Overall, ECL’s dividend is very safe. The company’s payout ratios are relatively low, it generates strong and consistent free cash flow, and the business is fairly recession-resistant.
Dividend Growth Score
Our Growth Score answers the question, “How fast is the dividend likely to grow?” It considers many of the same fundamental factors as the Safety Score but places more weight on growth-centric metrics like sales and earnings growth and payout ratios. Scores of 50 are average, 75 or higher is very good, and 25 or lower is considered weak.
ECL’s dividend Growth Score is 79, suggesting that the company’s dividend growth potential is excellent. The company has paid cash dividends on its common stock for 79 consecutive years. Most recently, ECL raised its dividend by 6% in December 2015 and has paid more dividends every calendar year since 1986, making it a member of the S&P Dividend Aristocrats Index.
As seen below, ECL’s dividend has compounded at a 14% annual rate over the company’s last 10 fiscal years.
ECL’s objective is to increase its dividend in line with earnings growth, which was lower in 2015 due to foreign exchange headwinds, weak energy markets, and sluggish global growth. However, the company continues to believe it can compound earnings at a 15% annual rate going forward.
While this isn’t a stock for investors living off dividends in retirement, its long-term growth prospects are outstanding.
Valuation
ECL trades at about 21x forward earnings and offers a dividend yield of 1.4%, which is somewhat higher than its five year average dividend yield of 1.1%. Throughout its history, ECL has always looked expensive, yet the stock has outperformed the market most years (consistent 15% earnings growth will do that).

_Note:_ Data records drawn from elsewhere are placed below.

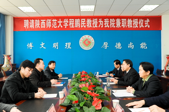 11月25日上午,我院在新校区第一会议室举行了聘请陕西师范大学程鹏民教授为我院兼职教授仪式。院党委书记、院长王志刚出席会议并讲话,副院长赵荣侠主持会议。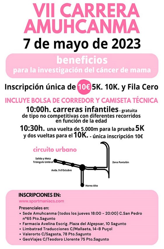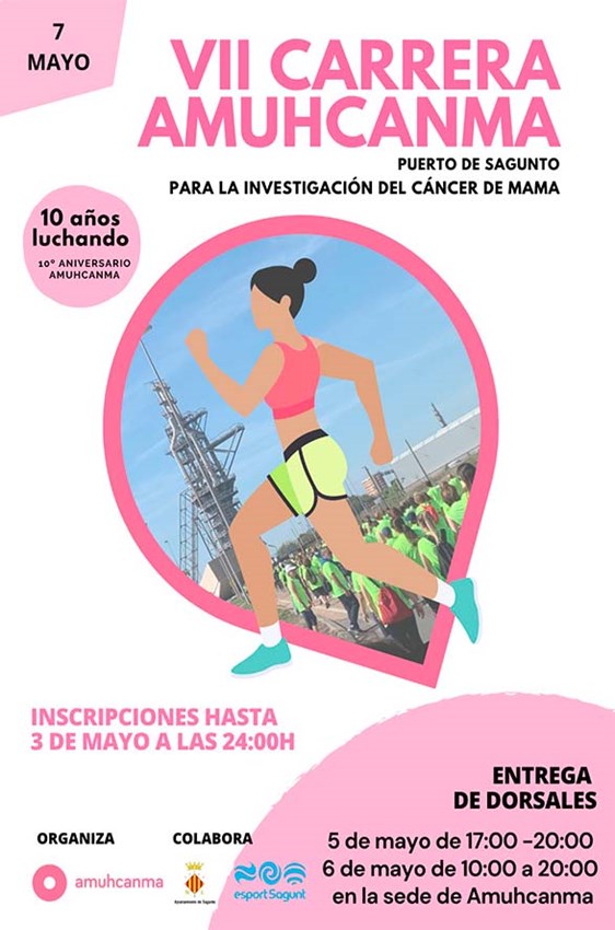 L'Asociación de Mujeres y Hombres afectats de Cáncer de Mama (Amuhcanma) celebrarà este diumenge, 7 de maig, la setena edició de la seua Carrera Solidària que consistirà en dos carreres no competitives de 5 i 10 quilòmetres, el període d'inscripció de les quals finalitza hui. La carrera infantil començarà a les 10 hores i a les 10.30 hores tindrà lloc la dels adults en un circuit urbà al Port de Sagunt, l'eixida del qual serà al carrer doctor Fleming (Triangle Umbral).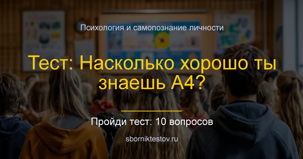 ? Этот тест проверит твои знания о популярном блогере Владе Бумаге, его команде, самых известных челленджах, памятных моментах канала. Узнаешь, насколько глубоко ты погружен в мир А4: от первых видео до последних трендов, от участников команды до культовых фраз. Тест покажет твой уровень фанатизма,... 10 вопросов · Тест личности Уже прошли: 12 939 человек ▶️ Пройти здесь в Телеграм 🌐 Пройти на сайте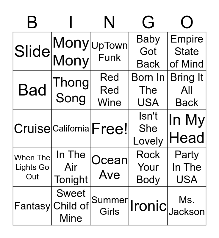 This bingo card has a free space and 24 words: In The Air Tonight, Sweet Child of Mine, Red Red Wine, Fantasy, Empire State of Mind, Slide, Bad, Mony Mony, Isn't She Lovely, Ocean Ave, Born In The USA, Cruise, Rock Your Body, Party In The USA, Thong Song, Ironic, In My Head, UpTown Funk, Bring It All Back, California, Ms. Jackson, When The Lights Go Out, Baby Got Back and Summer Girls.
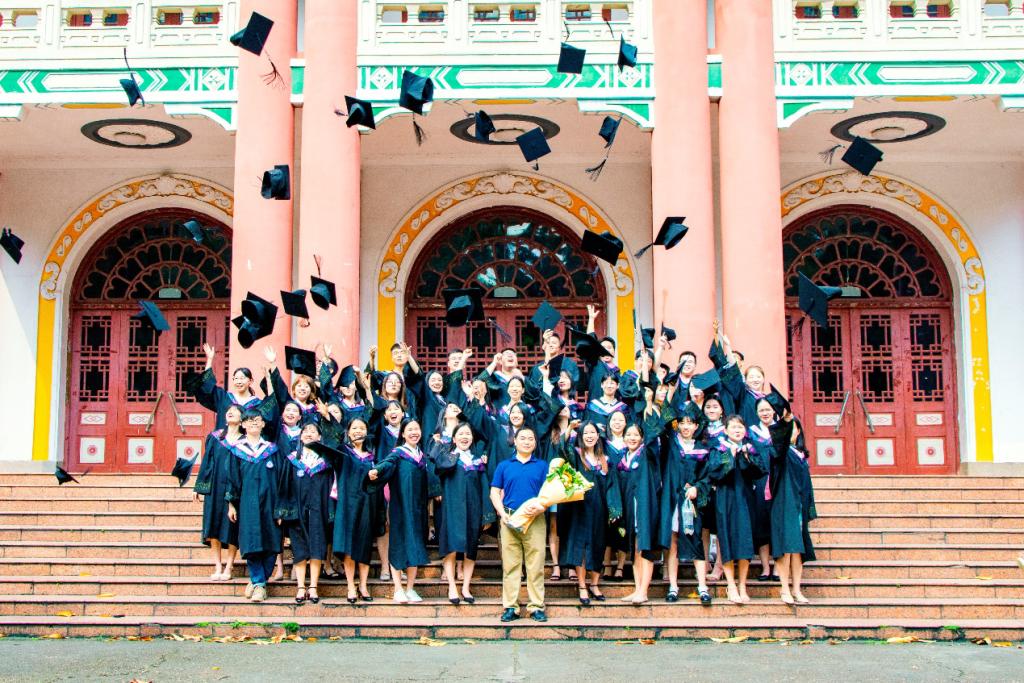 即将离校,在学校大礼堂放飞学士帽,预示未来展翅高飞。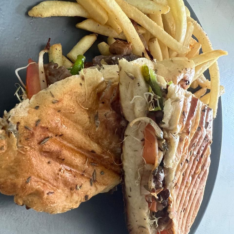 Carne de res, sazonada y gratinada con queso gouda, vegetales y aderezo de mayonesa acompañada de papas a la francesa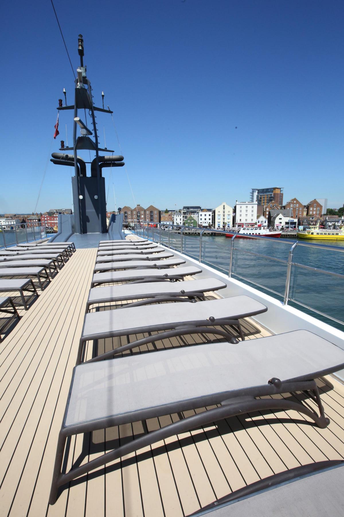 She can sleep an impressive number of 72 guests in 36 cabins and carries an impeccable crew of 32 professionals.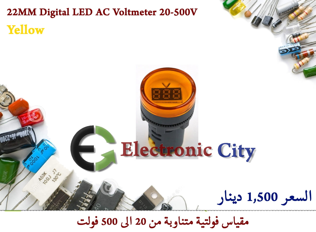 22MM Digital LED AC Voltmeter 20-500V Yellow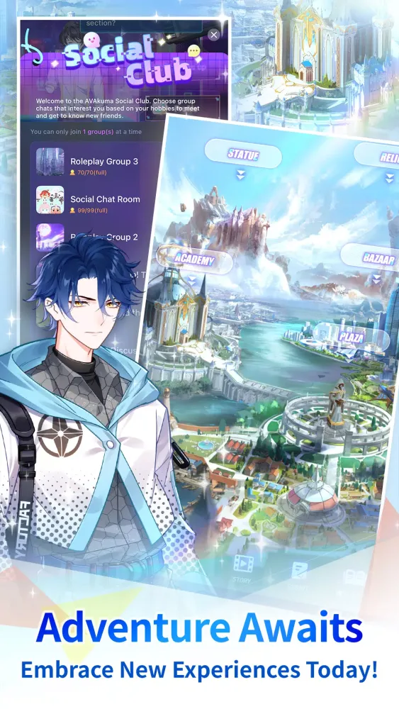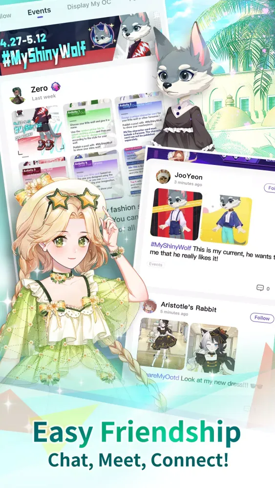 Dive into our in-app mini-game, exploring with like-minded friends and earning exclusive clothes for your characters. Explore different areas with your own characters, such as the Plaza, Bazaar, Academy, and more. Collect new outfits and add them to your collection.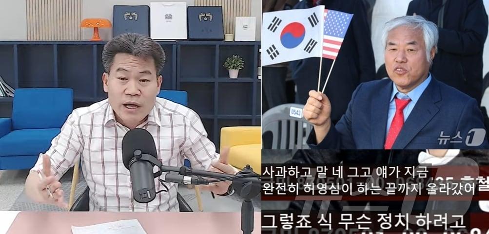 강성 보수진영의 이른바 여의도파 선봉장인 전한길 강사(왼쪽)와 광화문파 전광훈 목사. (유튜브 갈무리) ⓒ 뉴스1 관련 키워드尹비상계엄선포권성동전광훈전한길장성철보수평론가국민의힘헌법재판소박태훈 선임기자 신평 "김부겸, 尹 총리 점찍자 '당 동의 얻어야'…이혜훈은 그냥 배신"김종인 "국힘, 이혜훈 제명은 옹졸…장동혁 단식? 어리석은 생각, 투쟁보다 변화를"관련 기사신지호 "국힘, 권영세 권성동 쌍권 위에 '쌍전'…전광훈·전한길에 끌려다닌다"신지호 "친윤, 멀윤과 전광훈의 자통당파로 분리 중…권성동 멀윤, 윤상현 자통당"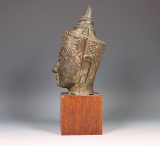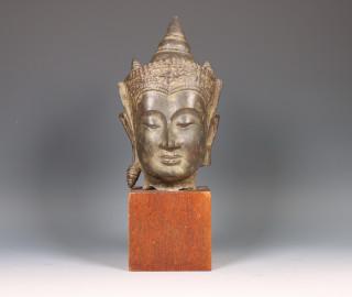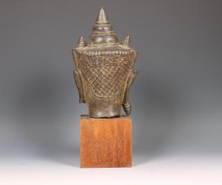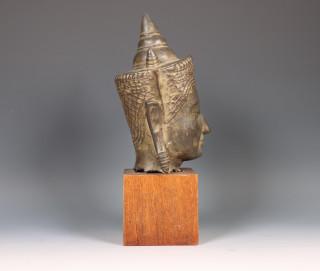Thailand, Ayutthaya-stijl bronzen Boeddha hoofd, 20e eeuw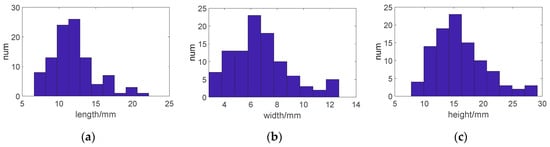 Distribution of the pebble dimensions (a) length; (b) width; (c) height.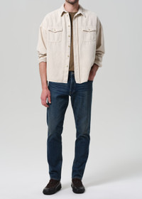 The Adler is our slim straight fit—cut with a slightly higher rise, room through the thigh, and a subtle taper from knee to ankle. This pair is crafted from heavyweight stretch denim made with regenerative cotton, offering a soft hand and lasting structure. Finished in a classic indigo wash with gentle fading and whiskering for a well-worn feel. This fit is true to size. Looks Like: Medium to dark indigo denim Feels Like: Comfort stretch, signature archive denim with a super soft hand for all day wearability From our HUMANITY Collection DETAILS Closure: Zip Fly Rise: 10 1/2” Inseam: 32 1/2” Leg Opening: 14 1/4” Model is 6'1" and is wearing a Size 32 Fabric Content: 98% Cotton 2% Elastane Care Instructions: Machine wash cold inside out with like colors. Do not bleach. Tumble dry low. Made in USA with imported materials 6190-1692_KTIC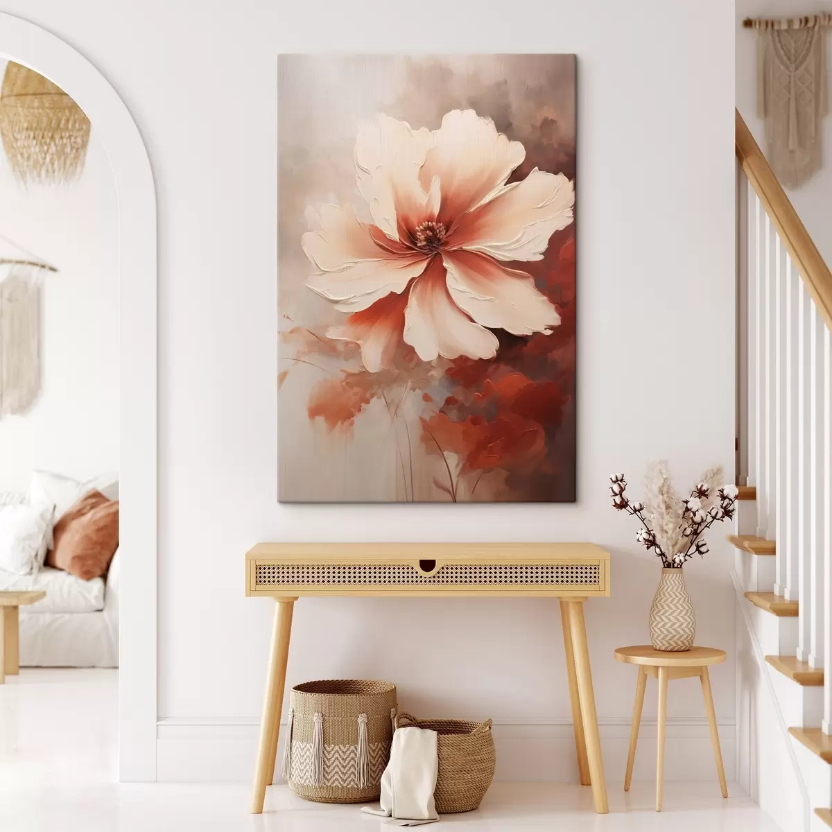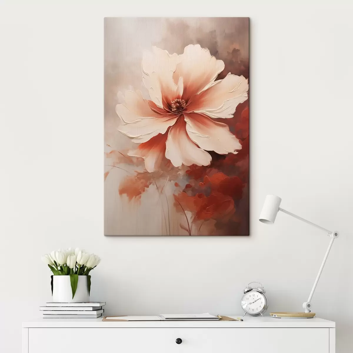 Cuadros Primer plano de una flor de coral blanco sobre un fondo difuminado, al estilo de una pintura al óleo. Nr s46939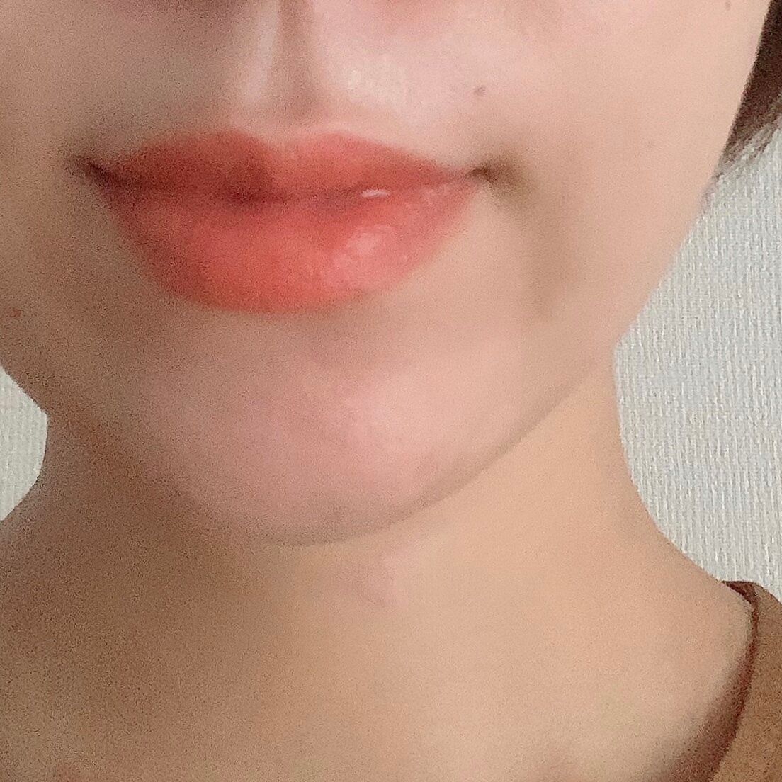 カラーリップは、口紅と比べると落ちやすいイメージがありますが、このリップは馴染みが良く色持ちするのもポイント。ちなみに、マスクの下につけ4時間ほど経った状態がこちら。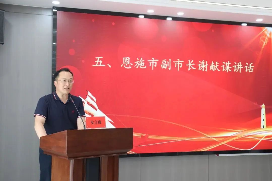 武漢大學(xué)恩施校友會(huì)會(huì)長田宗仁、鼎正工程咨詢有限公司董事長王雁然、恩施千湖之省食品有限公司副總經(jīng)理嚴(yán)潛、恩施市副市長謝獻(xiàn)謀、馬艷、武漢大學(xué)恩施校友會(huì)校友代表及白果樹村鄉(xiāng)賢代表參加儀式。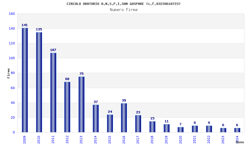 | Anno | Firme | Importi | Media | Naz. | Reg. | Prov. | Comu. |
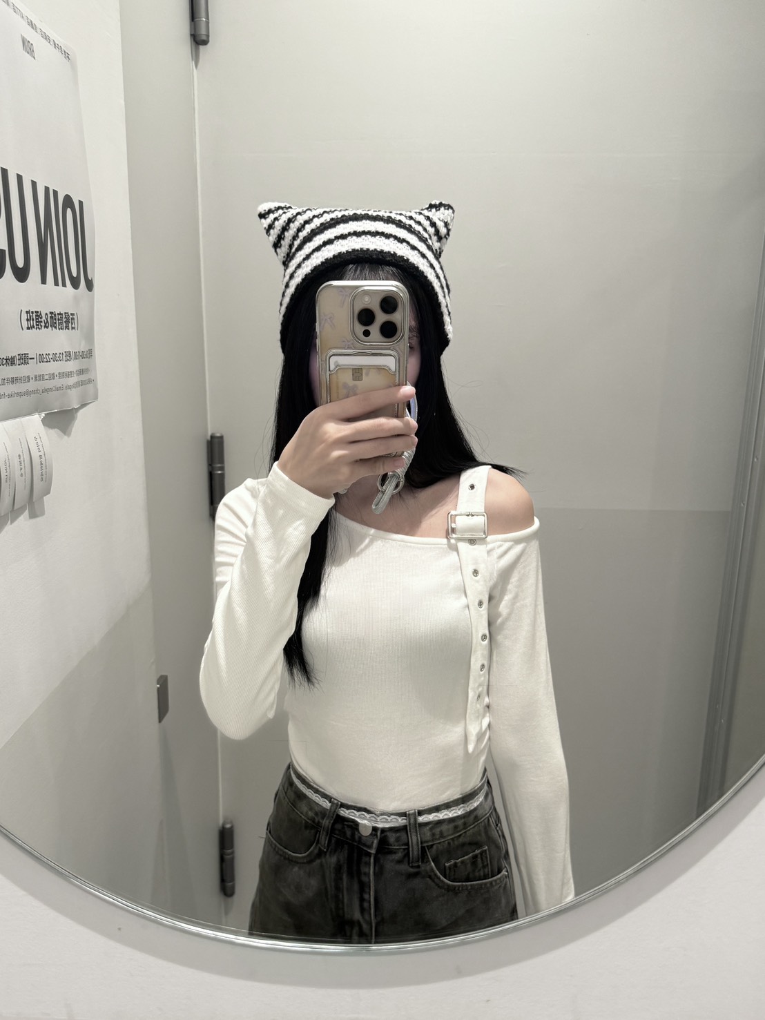 韓製 | 翻領縮腰綁帶條紋毛衣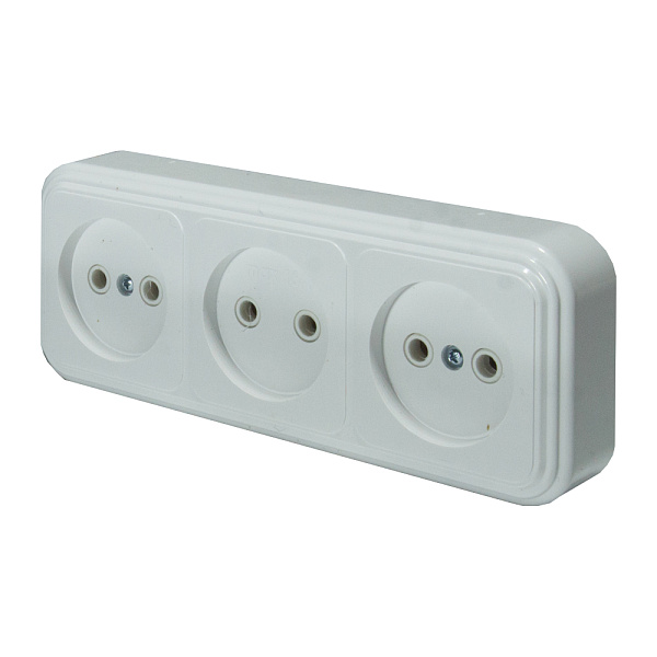 Трехместная розетка штепсельная двухполюсная открытой установки предназначена для присоединения электрических приемников с номинальным напряжением 250 В к электрической сети переменного тока в нормальных климатических условиях внешней среды по ГОСТ 15150 и ГОСТ 15543.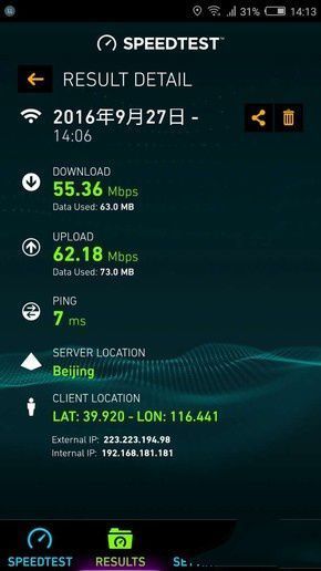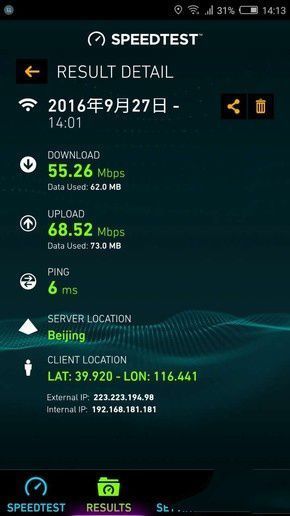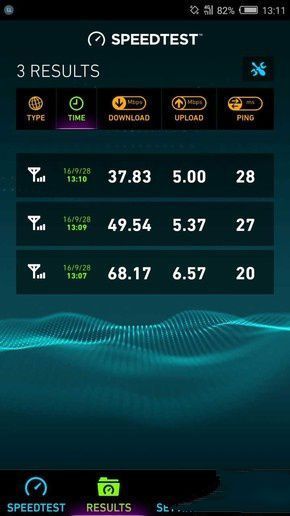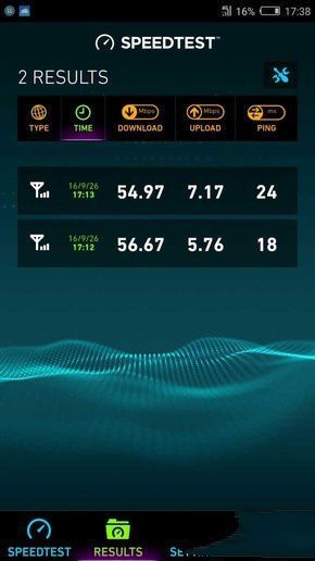 在100Mbps的大WiFi环境中,努比亚Z11工位测试网速结果显示,其下行速度稳定在55Mbps以上,相比移动网络逊色不少,但贵在上行速度最高达68.52Mbps,比4G模式高出好几个级别。公司环境下,上班儿时间,几十号人共用一个WiFi,这种抢网速度兼简直就是拦路虎级别的。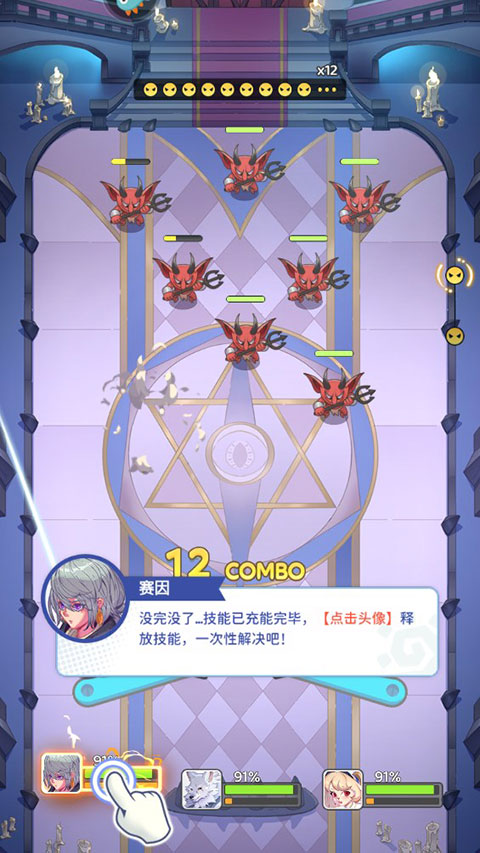7、点击赛因的头像,释放攻击技能,一次性解决遇到的麻烦。
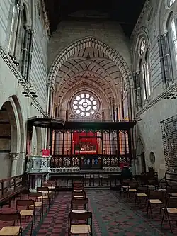 The organ was made in England in 1911 by W. Hill & Son, who also built organs for York Minster, Ely, Worcester, and Manchester cathedrals. The wrought iron staircase was also brought from London. The organ loft houses regimental flags from the Crimean war, two from British military HQ in occupied Istanbul after the First World War and the ensign flag from the battleship that took Mehmed VI, the last sultan, into exile. Its facade is decorated with colourful modern takes on Biblical stories by the artist, Erica Beard.

Currency headwinds and weak energy markets are impacting ECL’s near-term earnings growth, but the company continues to believe it can achieve 15% annual earnings growth longer term. If true, the stock appears to be very reasonably priced today considering ECL’s quality and offers double-digit total return potential.
However, if energy and industrial markets weaken further, an even better buying opportunity could present itself.
Conclusion
ECL is a wonderful business with a bright future. The company’s massive service network, breadth of services, strong technology portfolio, recurring revenue, and long-lasting customer relationships will likely serve it well for many years to come. ECL is no doubt one of the best blue chip dividend stocks that long-term dividend growth investors should keep in mind.